|Wiley E. Coyote is a super-genius whose sole purpose in life is to catch, and eat, the Roadrunner. With all the available resources of Acme Corporation at his disposal, you’d think the Roadrunner was doomed.It never seems to work out that way, however. Wiley E. Coyote is the victim of over-complication. His booby-traps and schemes are just too sophisticated for his own good. It’s over-complication that consistently lands Wiley E at the bottom of the canyon.I think we can learn a lot from Wiley E., especially when you think about what’s happening with respect to forecasting for the retail/CPG supply chain.
For decades people have been forecasting what should have been calculated. And since you went down that path, very logically I might add, you’ve had to add more and more complexity to account for the cornucopia of programs, formats and challenges that marketers, merchants and salespeople have dreamed up.
The result? Sophisticated algorithms and approaches to forecasting something that should never have been allowed into the forecasting engine. I find it both funny and quite sad to hear self-proclaimed supply chain experts beating their collective chests and telling everyone to use “downstream” POS data in their mathematical forecast models.
How exactly, Wiley E? The answer you normally get is nice and reassuring…”by using advanced analytics”. This kinda reminds me of another great cartoon character, Foghorn Leghorn…”I say, boy, it’s all too complicated for ya. Let me splain it to ya”.
Perhaps you’d be better served if you read and understood Dr. Joesph Orlicky’s startling and profound statement…”never forecast what you can calculate”. Joe made this statement in the 1970’s and it’s truer today than it was back then.
When it comes to retail/CPG forecasting, most of the experts are terribly misguided. Not only are they forecasting what should be calculated, but they’re pre-occupied with the wrong end of the supply chain. Why aren’t they talking about the retail store (or web portal, or markets) and speaking a common language…consumer demand. Real demand.
Why wouldn’t you just forecast by item by store and calculate the rest? Not only is that now possible, it also provides the most reliable forecast for all supply chain partners since all the variables are factored in, where they occur.
Plus, as an added bonus, you’ll get unprecedented visibility into your supply chain. Not what you have in inventory now and what’s on order. That’s chickenfeed. We’re talking about projected sales, receipts, inventory, capacity needs and so on.
Yup, when you only forecast where it counts, you get so much more. It’s like that extra cherry on top of the ice cream sundae!
But, you ask, “wouldn’t you need to be pretty sophisticated to forecast consumer demand at store level”?
The answer is: not really. You will need to recognize a selling pattern, trend, seasonality and flag past events and abnormal conditions. The beauty is that you’d be forecasting consumer demand, which has much fewer constraints and conditions attached to it.

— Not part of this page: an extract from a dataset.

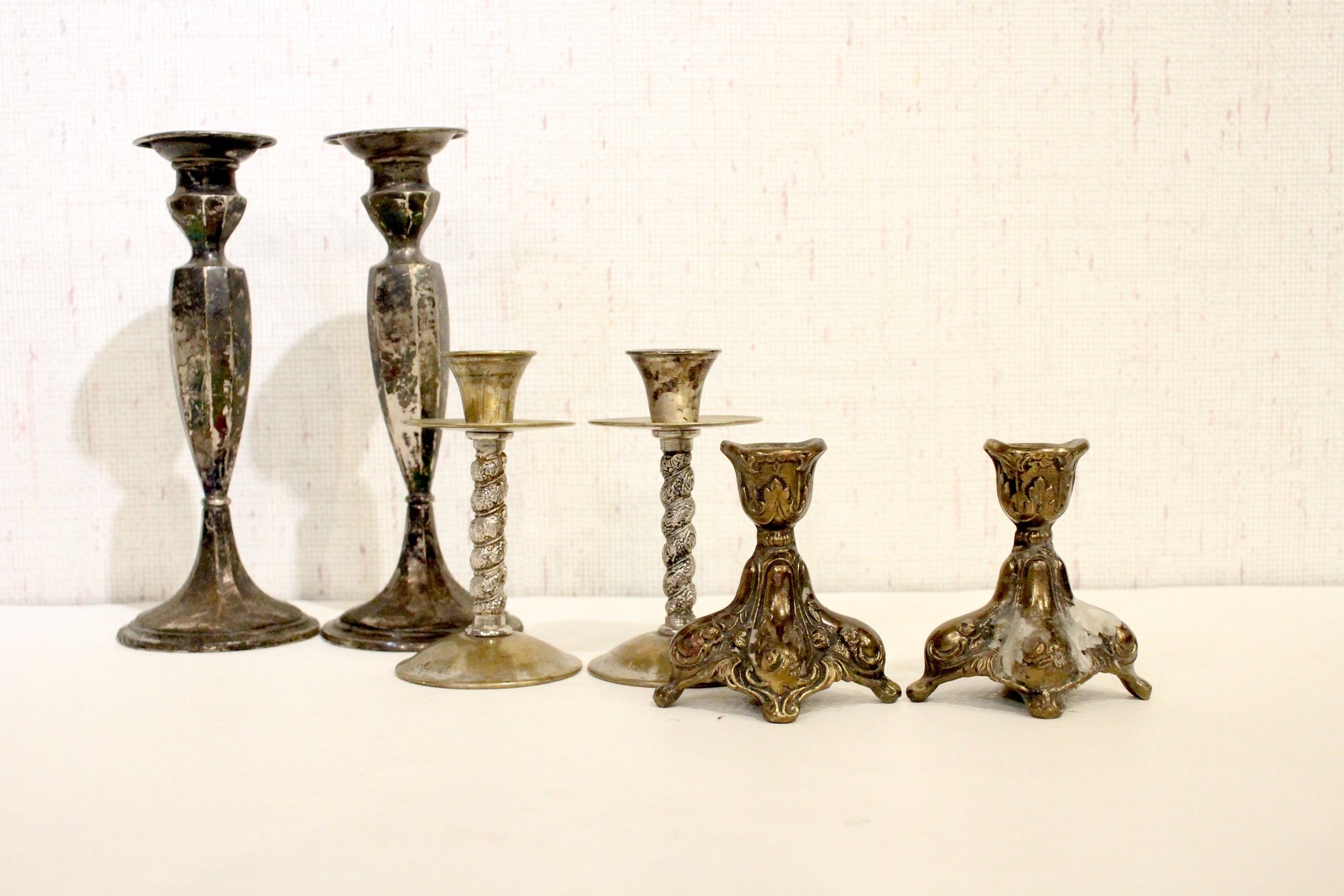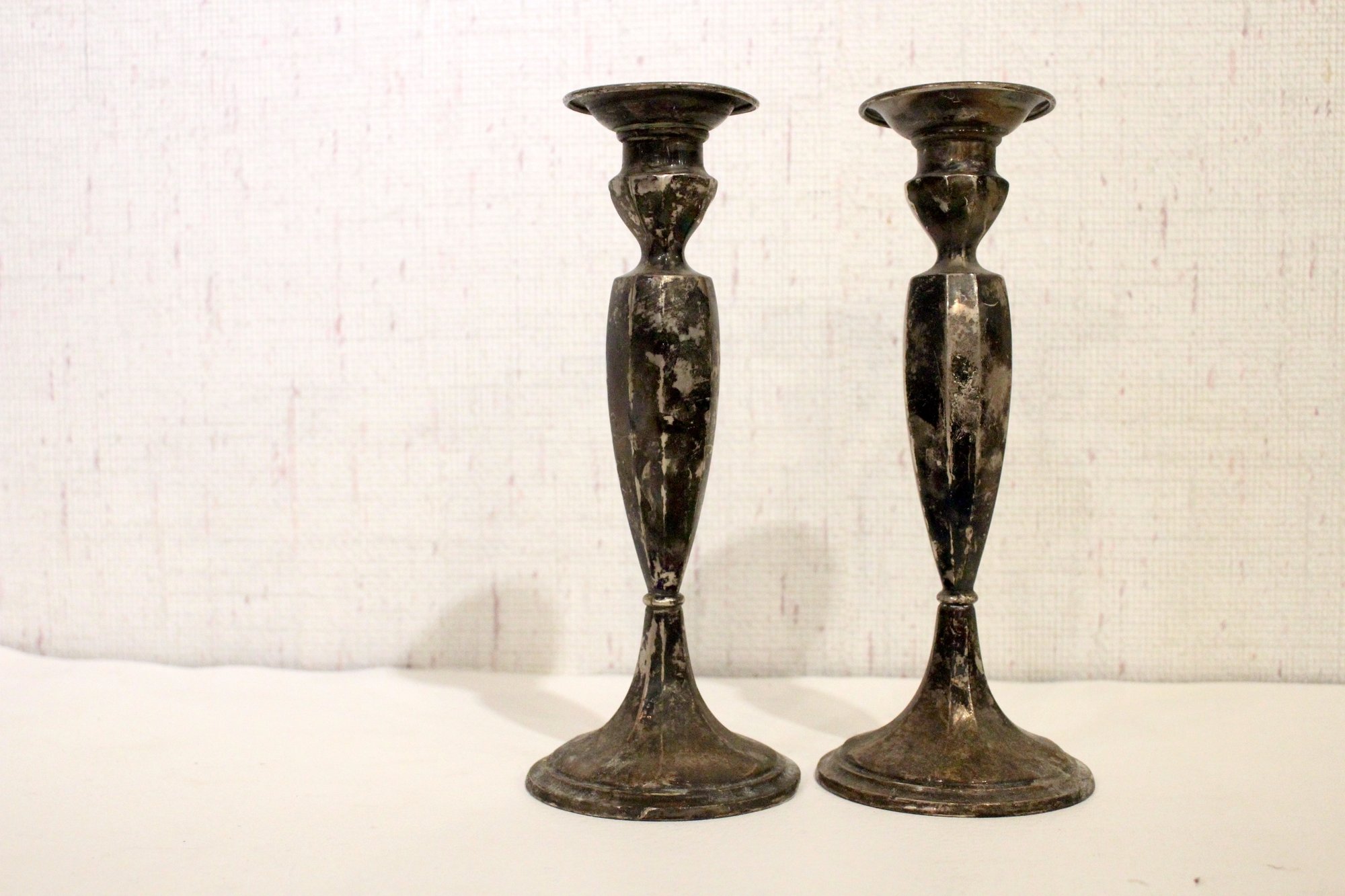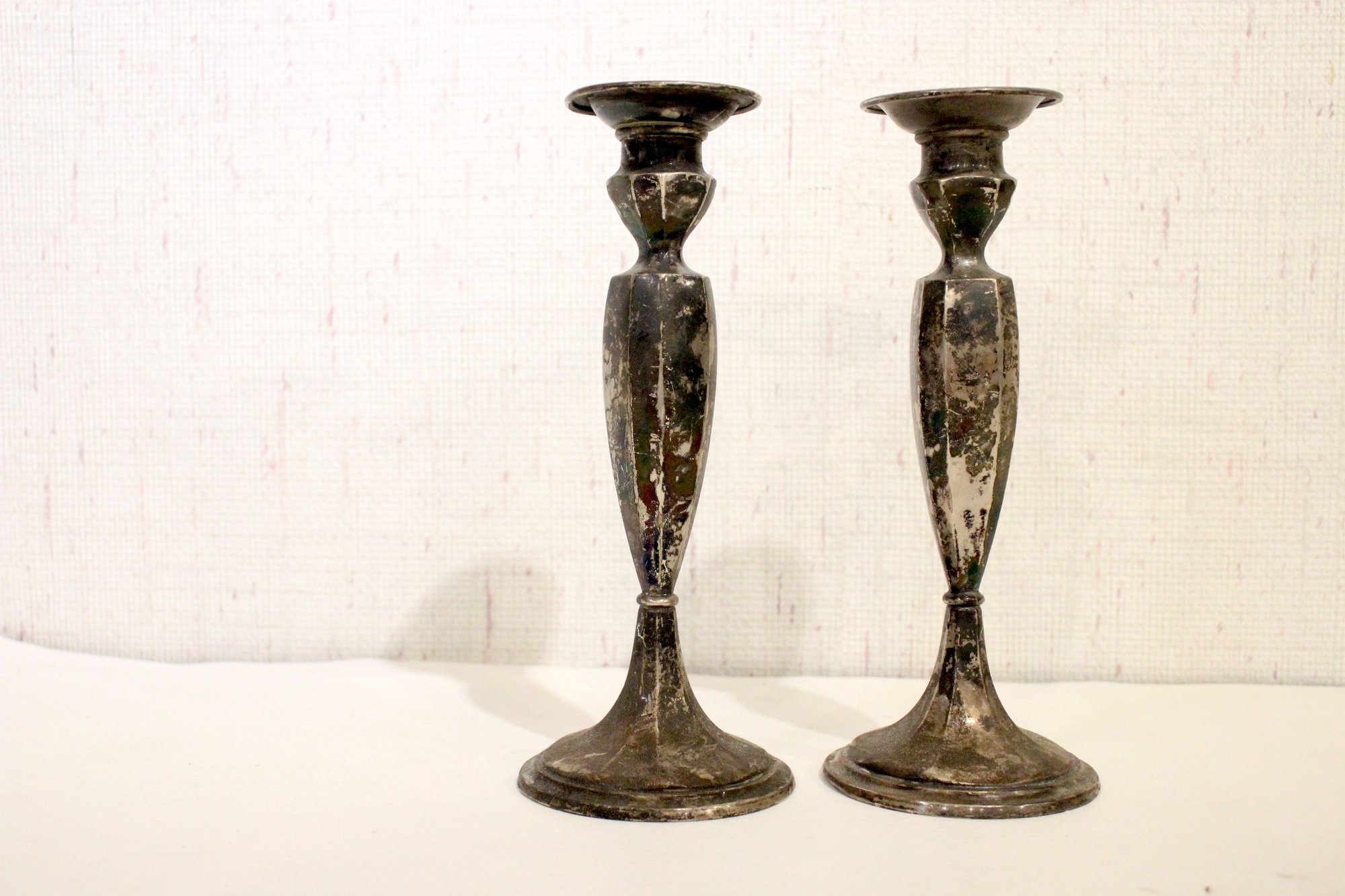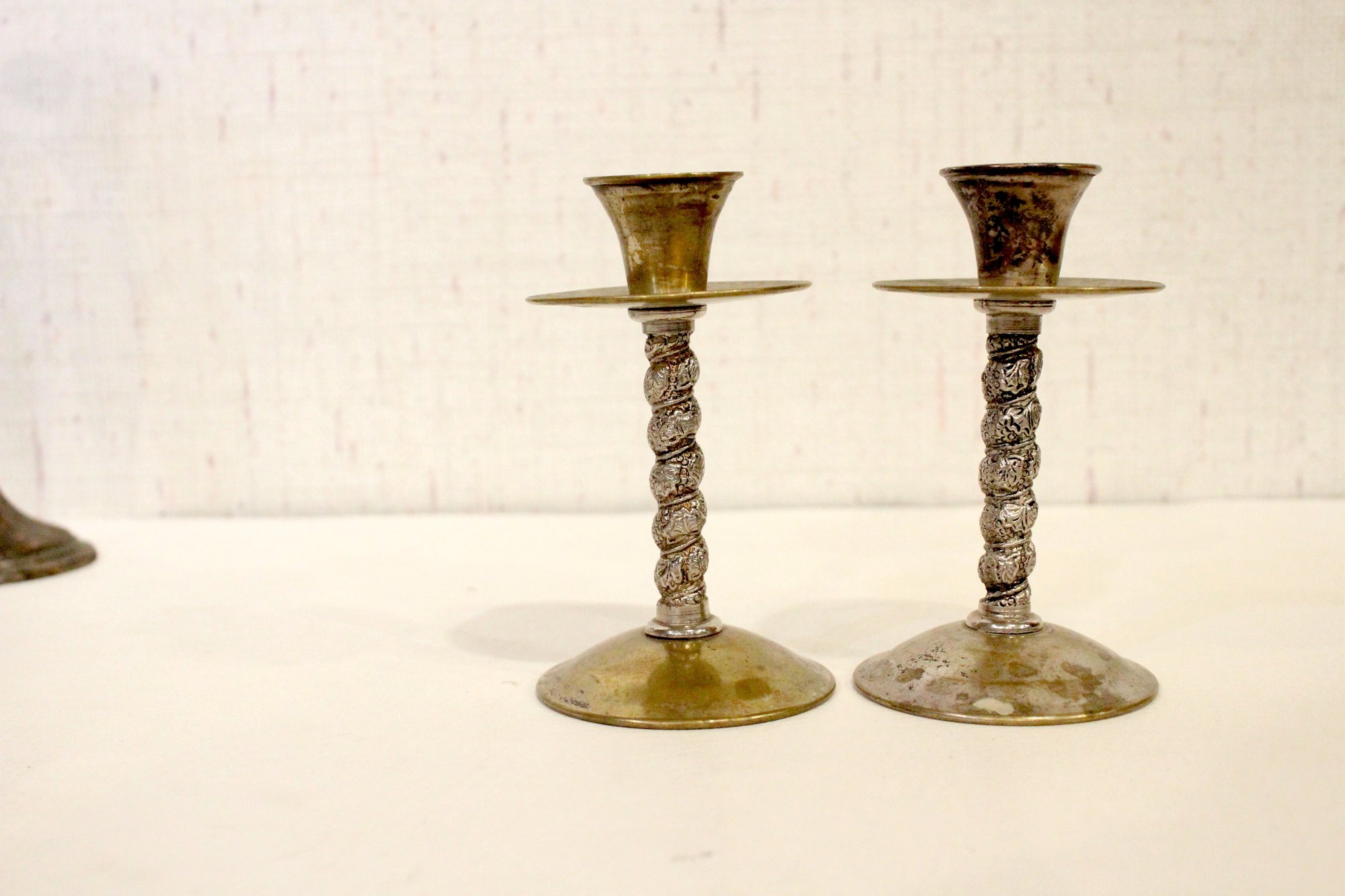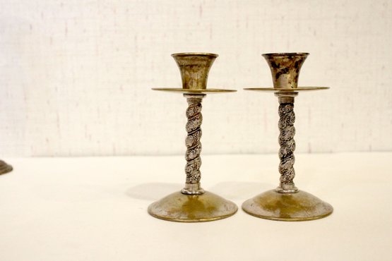 a pair of vintage silver-plated grapevine candlesticks 5.5" tall

Since the forecast is at store level, you will also need a way to predict and manage slow selling items – since retail is dominated by them. And the forecast shouldn’t produce small decimals for these types of products. Rather they need to produce integer-like forecasts that can then be calculated into the demand plans for the supplier of the store.
In addition, you’ll need a simple and effective way to update the forecast, in aggregate and then for each store, for things like promotions and/or market intelligence.
What about promotions? Surely they’ll need advanced analytics?
Years ago we tested it. We developed some causal forecasting equations and also let teams of experienced merchants and supply chain planners develop forecasts for a bunch of upcoming promotions.
The teams, on average, developed more accurate forecasts than the algorithms. Not only better forecasts but obviously more accountability in the forecasting process too.
What we found was that it was just too difficult to find math models to reliably explain all the inter-relatedness of expected demand. Yet, somehow, the teams could use historical information and their own judgment about the future, collaborate, and predict the future with reasonable accuracy.
It’s ironic. The farther away from consumer demand you are trying to forecast, the more constraints and difficult it is to do.
You have a choice.
You can try to forecast your way to greatness, or you can calculate your way.